* SOURCE MATERIAL
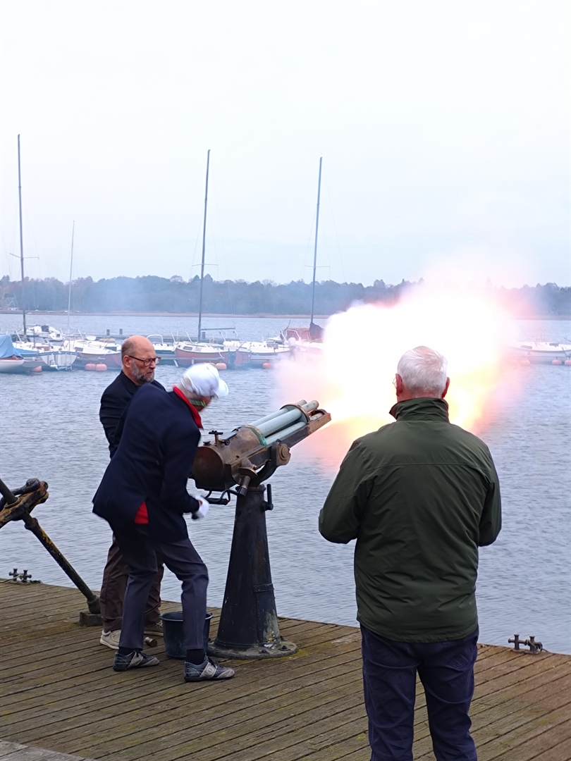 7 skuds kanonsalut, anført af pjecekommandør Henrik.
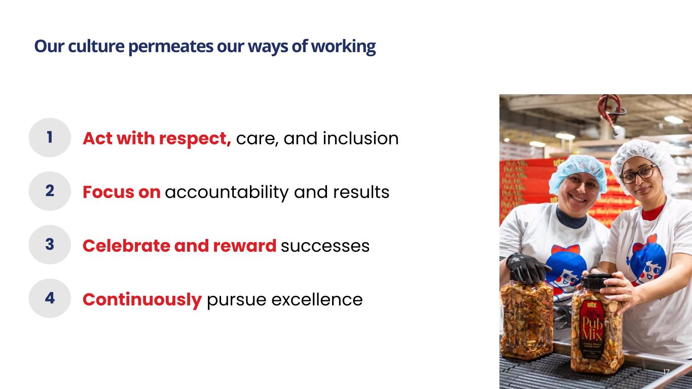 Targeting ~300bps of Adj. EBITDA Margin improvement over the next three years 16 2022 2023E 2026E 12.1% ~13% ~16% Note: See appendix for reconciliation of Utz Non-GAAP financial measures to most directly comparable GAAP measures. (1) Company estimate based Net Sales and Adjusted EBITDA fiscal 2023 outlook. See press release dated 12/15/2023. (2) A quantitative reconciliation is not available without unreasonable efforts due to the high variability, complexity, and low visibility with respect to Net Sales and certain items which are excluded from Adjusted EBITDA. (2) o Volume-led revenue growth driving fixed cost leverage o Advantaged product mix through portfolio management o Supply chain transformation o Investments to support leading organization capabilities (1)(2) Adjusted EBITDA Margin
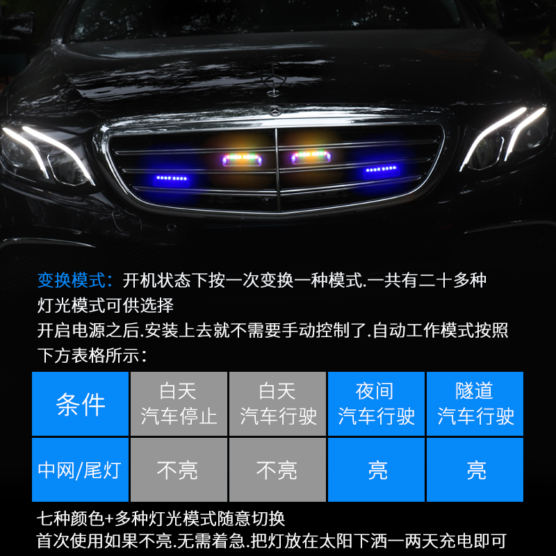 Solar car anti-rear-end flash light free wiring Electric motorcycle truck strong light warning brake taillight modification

--

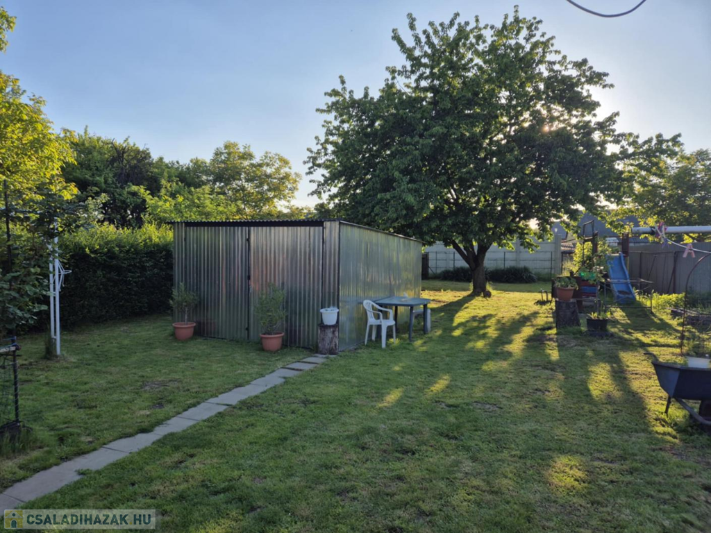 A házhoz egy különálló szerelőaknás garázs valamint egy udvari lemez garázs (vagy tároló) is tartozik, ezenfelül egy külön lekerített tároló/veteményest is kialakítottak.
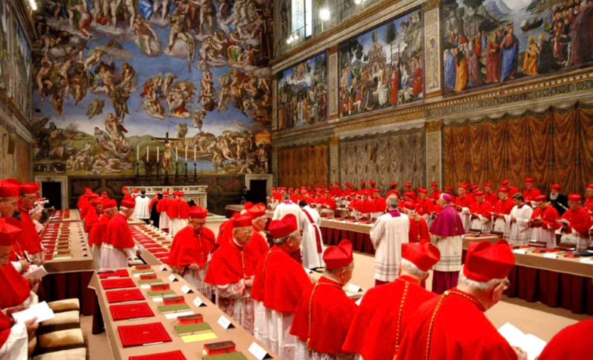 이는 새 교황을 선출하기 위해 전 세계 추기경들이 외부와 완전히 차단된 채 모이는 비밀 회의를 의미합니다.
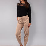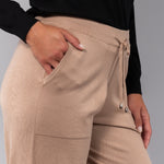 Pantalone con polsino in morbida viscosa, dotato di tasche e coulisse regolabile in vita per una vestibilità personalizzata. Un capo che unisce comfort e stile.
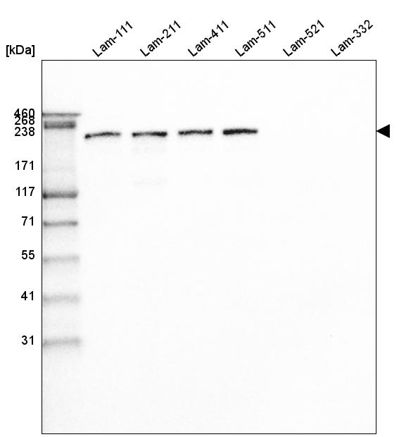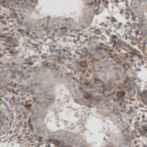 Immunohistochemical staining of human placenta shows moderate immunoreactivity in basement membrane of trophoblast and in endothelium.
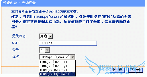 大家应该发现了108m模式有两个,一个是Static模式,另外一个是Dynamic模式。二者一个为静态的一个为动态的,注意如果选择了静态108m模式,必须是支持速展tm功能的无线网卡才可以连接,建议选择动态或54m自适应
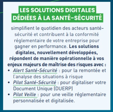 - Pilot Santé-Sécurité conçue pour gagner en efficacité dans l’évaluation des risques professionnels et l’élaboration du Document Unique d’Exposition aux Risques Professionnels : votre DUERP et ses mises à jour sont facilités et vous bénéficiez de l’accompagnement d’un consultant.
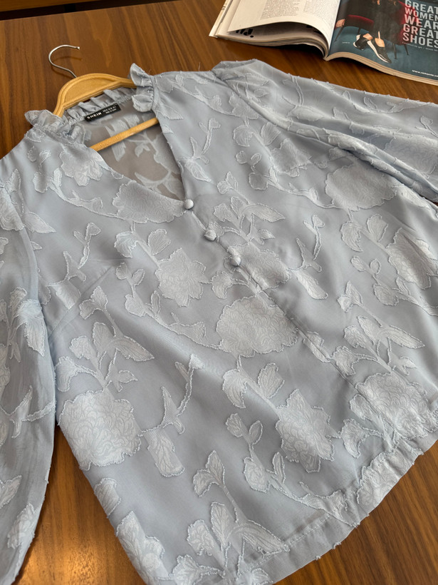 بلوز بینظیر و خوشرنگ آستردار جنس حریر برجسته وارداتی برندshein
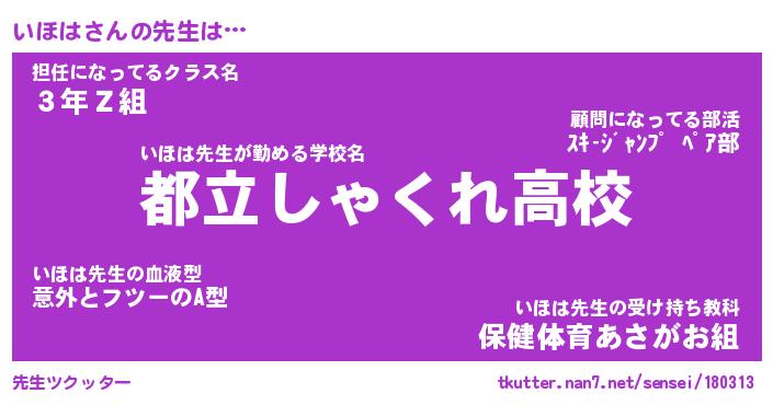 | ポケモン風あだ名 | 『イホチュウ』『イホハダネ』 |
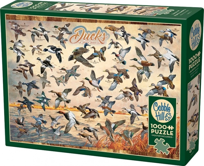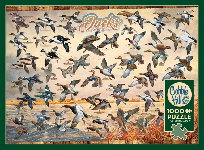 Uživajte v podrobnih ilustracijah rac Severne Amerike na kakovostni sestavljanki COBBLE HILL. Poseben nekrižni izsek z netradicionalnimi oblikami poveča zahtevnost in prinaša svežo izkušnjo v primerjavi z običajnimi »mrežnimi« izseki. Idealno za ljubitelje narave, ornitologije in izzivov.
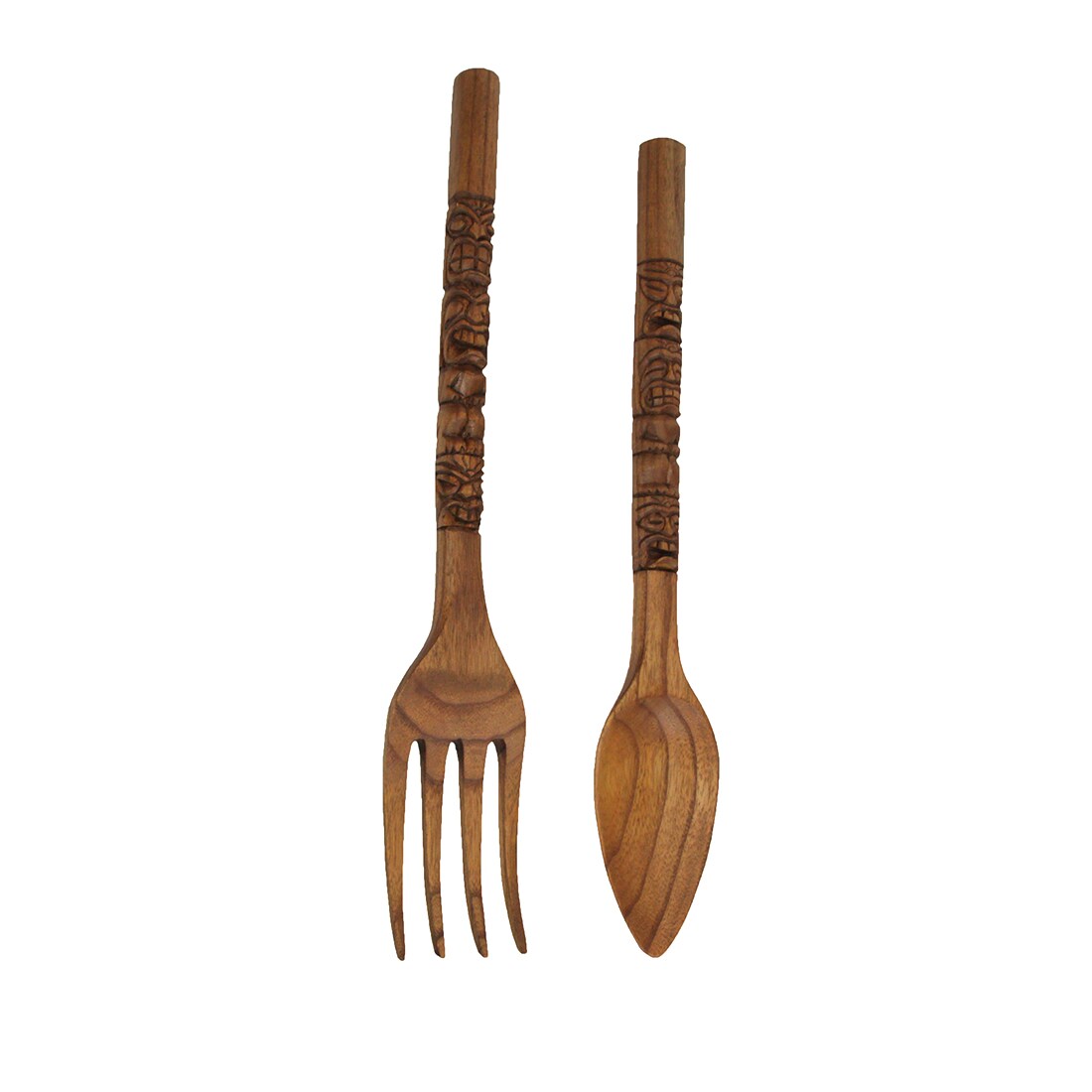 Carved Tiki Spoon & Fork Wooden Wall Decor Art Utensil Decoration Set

* * *

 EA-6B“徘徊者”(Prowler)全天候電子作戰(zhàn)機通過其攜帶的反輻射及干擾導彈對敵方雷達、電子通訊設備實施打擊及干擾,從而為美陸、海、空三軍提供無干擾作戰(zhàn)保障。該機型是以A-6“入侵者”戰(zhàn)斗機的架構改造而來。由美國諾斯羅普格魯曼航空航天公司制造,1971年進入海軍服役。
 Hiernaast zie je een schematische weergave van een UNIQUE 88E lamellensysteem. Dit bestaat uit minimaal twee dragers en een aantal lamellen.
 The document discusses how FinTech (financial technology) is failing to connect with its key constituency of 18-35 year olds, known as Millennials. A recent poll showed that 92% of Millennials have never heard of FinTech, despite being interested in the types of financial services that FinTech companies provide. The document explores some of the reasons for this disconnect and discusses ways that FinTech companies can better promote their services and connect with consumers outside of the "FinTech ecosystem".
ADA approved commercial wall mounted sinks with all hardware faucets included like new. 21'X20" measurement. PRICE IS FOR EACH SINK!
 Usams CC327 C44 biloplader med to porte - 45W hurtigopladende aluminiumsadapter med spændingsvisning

* HOW TO COMPLETE THIS TASK
Here the job is to copy the listing above word for word, starting at the line with "Pantalone con polsino" and ending at the line with "Immunohistochemical staining of", and to leave out the pictures.

* OUTPUT FOR THIS TASK
 Pantalone con polsino in morbida viscosa, dotato di tasche e coulisse regolabile in vita per una vestibilità personalizzata. Un capo che unisce comfort e stile.
 Immunohistochemical staining of human placenta shows moderate immunoreactivity in basement membrane of trophoblast and in endothelium.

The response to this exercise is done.